Prince Anoushiravan Mirza "Zia' od-Dowleh" "Amir Touman" (19 August 1833 – 23 October 1899) was an Iranian prince of the Qajar dynasty who served as a politician and governor.

==Life and career==
Anoushiravan Mirza was born on 19 August 1833 in Ardabil, Iran, and died on 23 October 1899 in Tabriz after developing apoplexy and paralysis. He was at Shusha, Karabakh. He was the first-born and eldest son of Prince Bahman Mirza, the vali (governor-general) of Azerbaijan during the reign of Mohammad Shah Qajar. His mother was Bahman Mirza's first chief wife, Princess Malek Soltan Khanum daughter of Mohammad Taqi Mirza.

In 1848, Bahman Mirza fell out of favour at the court in Tehran and was exiled to Russia. His wives and children followed him to the Russian occupied Caucasus province of Karabakh. However, shortly after 1850, Anoushiravan Mirza moved back to Iran.

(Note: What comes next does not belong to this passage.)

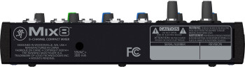 - Mix8: 2 XLR and 1/4” mic/line inputs with mic preamps and phantom power, pano, level and clipping indicator ; 2 line inputs ; 3-band EQ on each channel, aux send with stereo returns, RCA inputs and outputs, L/R main outputs, headphone and stereo Control Room outputs. US pricing: $109.99

In 1872, Bahman Mirza's cousin, Naser al-Din Shah Qajar, pardoned him. Therefore, Anoushiravan Mirza was finally rewarded with several governmental offices. In 1873, he became governor of Torshiz, 1878 governor of Talesh, later 1881–1882 governor of Tabriz, 1884–1886 and 1898–1899 of Semnan, Damghan and Shahrud, 1888–1889 governor of Borujerd and Lorestan. In 1891, he had the vizierate of the province of Kermanshah on behalf of the almighty governor and commander-in-chief of his time Hasan Ali Khan Garrusi. He also received the title of Zia' od-Dowleh (lit. 'Splendour of the State') - with which he became well-known - and the military rank of Amir Touman (lit. 'Commander of Ten Thousand', i.e. general) by Naser al-Din Shah.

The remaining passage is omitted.